= National LGBT Cancer Network =

Organization supporting LGBT cancer victims

The National LGBT Cancer Network Logo

The National LGBTQI+ Cancer Network (formerly called "The National LGBT Cancer Network") is a nonprofit organization launched in September 2007. It is one of the first programs in the United States that addresses the needs of lesbian, gay, bisexual and transgender (LGBTQ) cancer survivors and those at risk and the only one founded and directed by members of the LGBT community. The Network was founded by Liz Margolies, LCSW.

==Establishment==
There are a number of local lesbian cancer programs and national lesbian health organizations such as the Mautner Project. The National LGBT Cancer Network contains an online cancer screening and referral program, entitled "Take Care of That Body", original articles on cancer risks and survivorship experiences of the LGBT community, and links to resources for both LGBT people and health professionals.

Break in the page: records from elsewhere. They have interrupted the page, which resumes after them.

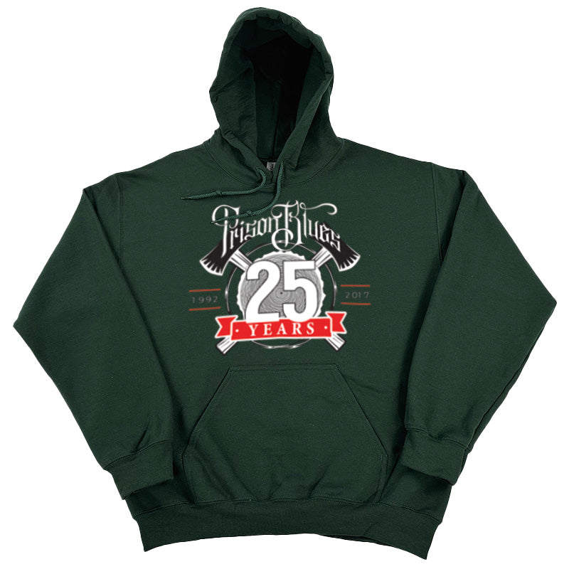 Pull Over Hooded Sweatshirt Forest Green w/White and Scarlet Red 25th Anniversary
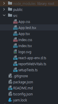 src 폴더에서 App.css, App.tsx, index.css, index.tsx 파일만 남기고 전부 삭제한다.
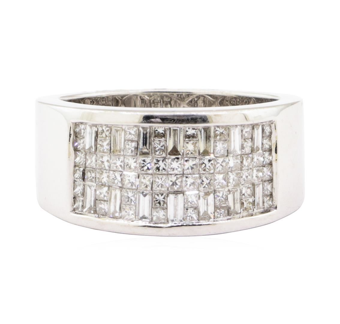One electronically tested 18KT white gold lady's cast fashion ring with a tapered flat wide band with a bright polish finish. The featured lady's ring has a shank measuring 6.25 millimeters wide. Identified with markings of '18K'. Condition is new, good workmanship. Containing: Sixty-Two invisible set princess cut diamonds, measuring 1.20 x 1.20 x 0.90mm (depth est.) approximate total weight of 62 Stones = 0.65ct. Graded in the setting. Color I - J Clarity VS-2 to SI-1 Cut Very Good Fourteen invisible set baguette cut diamonds, measuring from 2.40 x 1.20 x 1.02mm (depth est.) to 2.50 x 1.30 x 1.11mm (depth est.) approximate total weight of 14 Stones = 0.42ct. Graded in the setting. Color H - I Clarity VS-1 to VS-2 Cut Very Good. Total Weight of Diamonds 1.07ct.. Total Weight of Ring 11.40gm GAS Appraised at $5510.00. GAS Appraised.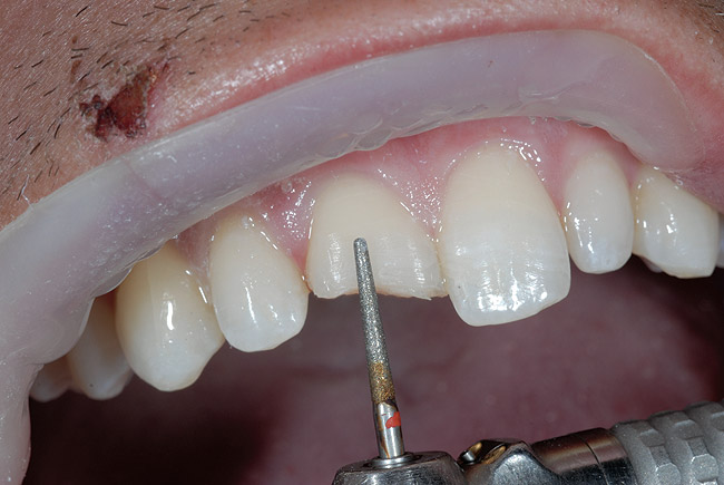Pentru a produce o trecere nedetectabilă între dinte şi restaurare, pe suprafaţa vestibulară s-a preparat un bizou, cu o freză diamantată fină şi ascuţită. S-a preparat un bizou infinit, după descrierea făcută de Fahl, începând cu 0,5mm în dentină şi continuată la 2 până la 2,5mm dincolo de linia de fractură, cu rotunjirea marginii preparaţiei (fig. 3).1,2 În cazurile de acest gen, pe versantul vestibular se poate utiliza şi un bizou stelat3; bizoul variază în lungime, profunzime şi volum, mimând un model stelat. În acest caz preparaţia orală a necesitat o preparare chamfer de 0,8 până la 1mm.3 Această masă de compozit va asigura flexibilitatea dintelui (fig. 4).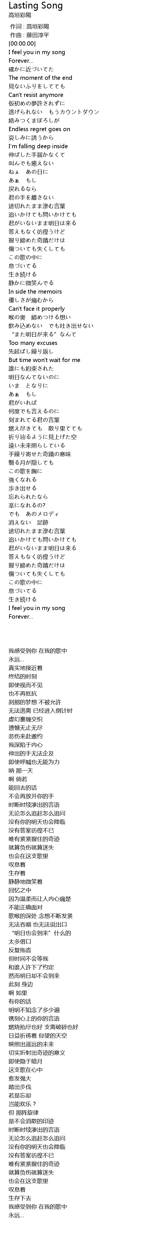 | 歌曲 | Lasting Song |
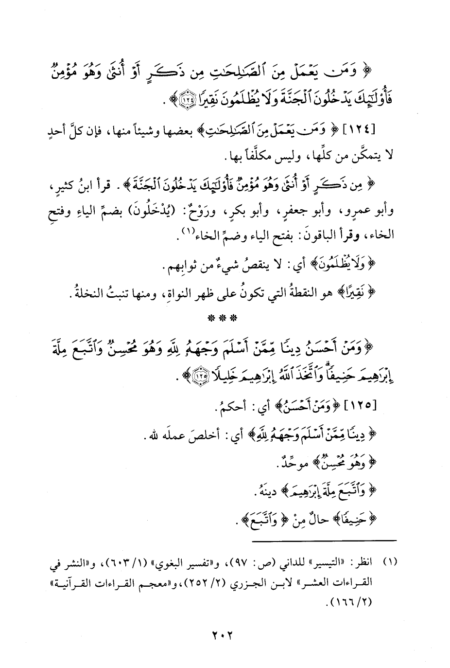 {وَمَنْ يَعْمَلْ مِنَ الصَّالِحَاتِ مِنْ ذَكَرٍ أَوْ أُنْثَى وَهُوَ مُؤْمِنٌ فَأُولَئِكَ يَدْخُلُونَ الْجَنَّةَ وَلَا يُظْلَمُونَ نَقِيرًا (124)}.

The Network aims to educate the LGBT community of increased cancer risks and the importance of early screening and detection, to offer training initiatives for healthcare providers, and to advocate for the inclusion of the LGBT community in national cancer organizations, research, and media.

==Recent work with the NYC Health and Hospitals Corporation==
In 2010, the National LGBT Cancer Network was selected to develop an LGBT cultural competence in healthcare curriculum that became mandatory for all 38,000 employees of the municipal hospital system.

==Cancer in the LGBT community==
Lesbians, gay men and transgender men and women experience disparities in availability of health insurance and are considered to be at increased risk for multiple types of cancer, based on behaviors such as high smoking and drinking rates, high fat diet, receptive anal intercourse and positive HIV status. Increased risks are coupled with decreased screening behaviors, resulting in cancers being detected at a later stage when it is more difficult to treat. Decreased screening is linked to lower insurance rates and perceived homophobia in health care. LGBT people experience extra challenges in cancer survivorship, including acceptance of their families by oncologists and emergency rooms and information about the effect of treatment on sexuality, relationships and fertility.